What can the particle model of matter be used to explain?

• The different states of matter

• Differences in density

Draw simple diagrams to model the differences between solids, liquids and gases

• Solids

  • Solids have a very high density as strong forces of attraction hold the particles close together in a fixed, regular arrangement. The particles don’t have much energy so only vibrate about fixed positions.

• Liquids

  • There are weaker forces of attraction between particles; they are close together but can move past each other and form irregular arrangements. They have more energy than particles in a solid - they move in random directions at low speeds. Liquids are less dense than solids but more dense than gases.

• Gases

  • There are extremely weak forces of attraction between the particles; the particles have more energy than in liquids and solids. The particles are free to move and travel in random directions at high speeds. Gases have very low density.

Why are changes of state physical changes?

Changes of state are physical changes which differ from chemical changes because the material recovers its original properties if the change is reversed

• No new substances are formed

• It only alters the arrangement and motion of particles without changing the chemical composition of the substance

What is internal energy?

Internal energy is the total kinetic energy and potential energy of all of the particles that make up a system

• Energy is stored inside a system by the particles that make up a system

What does the temperature of a substance represent?

The average kinetic energy of the particles that make up the substance

How does heating change the energy stored by a system?

Heating a system transfers energy to the particles that make up a system; they gain energy in their kinetic energy stores and move faster, increasing their internal energy.

As the kinetic energy of the particles increases, the temperature of the particles increases; this leads to an overall increase in the temperature of the system.

A temperature rise can lead to a change of state as as particles gain more kinetic energy, they can overcome the forces of attraction between particles, which can lead to a change of state.

This either:

• Raises the temperature of the system

• Produces a change of state

If the temperature of a system changes, what does the increase in temperature depend on?

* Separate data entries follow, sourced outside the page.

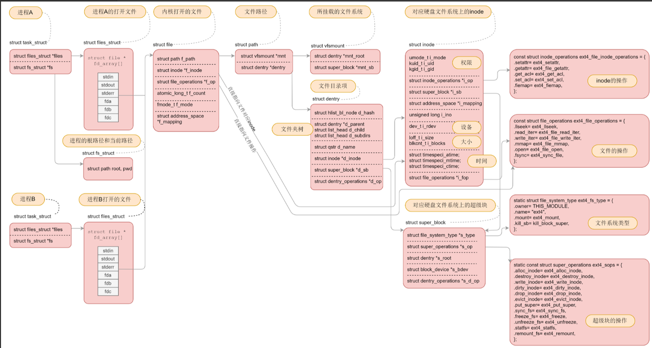 - 还包含了当前文件的文件名:struct qstr d_name;
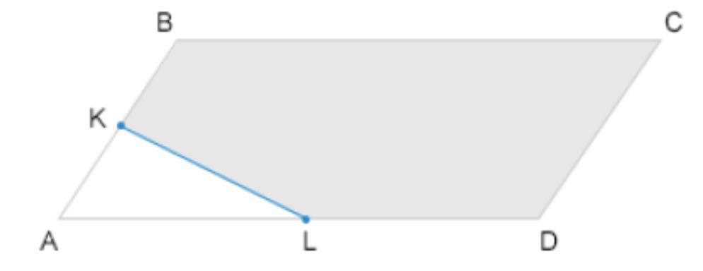 Точки К і L середини сторін AB і AD паралелограма ABCD (див. рисунок ) . Знайдіть площу п'ятикутника KBCDL ( (у cм2 ) , якщо площа паралелограма ABCD дорівнює 24 см2.
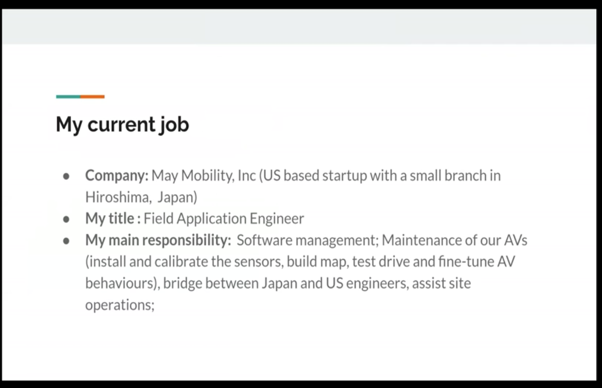 | Presenter | ZHOU Wenbin (May Mobility; RWDC graduate (3rd generation member)) |
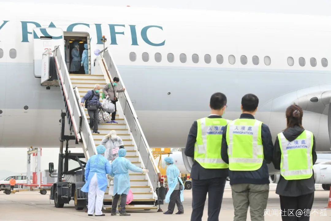 2月20日,接載滯留“鑽石公主”號郵輪香港居民的首架包機抵達香港。新華社發
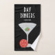 Martini thème pickleball "Dinkers de jour" Nom d'équipe serviette à main pour une équipe de pickleball, club, ou le prix de tournoi d'échelle dispose d'un arrière - plan noir avec un verre à martini et accents de pickleball dans un design rétro unique et amusant avec texte de nom modifiable et couleurs arrière - plans.
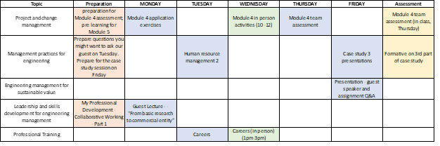 It turned out to be really hard to provide a seamless experience for remote students. I did not even try to implement hybrid teams (though some educators have), but I did try to allow remote students to ‘join’ the room through video link. Even this was problematic, the remote students can see what is going on in the room but don’t feel involved. I have now started to run parallel sessions for in person and remote students, with a dedicated (and properly briefed) facilitator for the online students. This has the additional advantage of creating a ‘team teaching’ environment
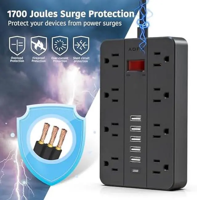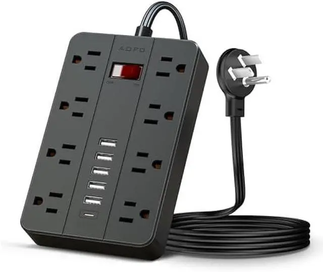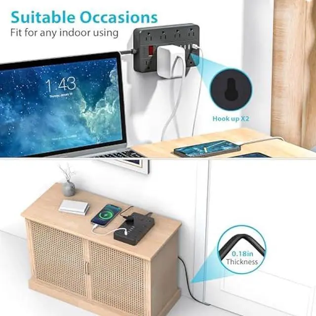 14 IN 1 Power Strip with USBThis flat extension cord surge protector with 8AC widely outlets and 6 USB charging ports (1 USB C Port) can charge 14 devices simultaneously without blocking, keep your desktop organized; You can use it in any indoor place such as home, office and dorm room

• The mass of the substance heated

• The type of material (its specific heat capacity)

• The energy input into the system

The following equation applies:

change in thermal energy = mass x specific heat capacity x temperature change

ΔE = m c Δθ

ΔE - joules, J

m - kilograms, kg

c - joules per kilogram per degree Celsius J/kg°C

Δθ - degrees Celsius, °C

What is the specific heat capacity of a substance?

The energy required to raise the temperature of one kilogram of a substance by one degree Celsius

What is the energy needed for a substance to change state called?

Latent heat

What happens when a change of state occurs?

• The energy supplied changes the energy stored stored (internal energy) of the particles in the substance

• But not the temperature of the substance

Define specific latent heat

The specific latent heat of a substance is the energy required to change the state of one kilogram of the substance without changing its temperature

State and define the two different types of specific latent heat

• Specific latent heat of fusion: the energy required to change the state of one kilogram of the substance from solid to liquid (or liquid to solid) without changing its temperature

  • Change of state between solid and liquid

• Specific latent heat of vaporisation: the energy required to change the state of one kilogram of the substance from liquid to vapour (or vapour to liquid) without changing its temperature

  • Change of state between liquid and vapour

Give the formula for specific latent heat

energy for a change of state = mass x specific latent heat

E = m L

E - joules, J

m - kilograms, kg

L - J/kg

Why does the temperature of a substance not change when it is changing state even when it is being heated/ cooled?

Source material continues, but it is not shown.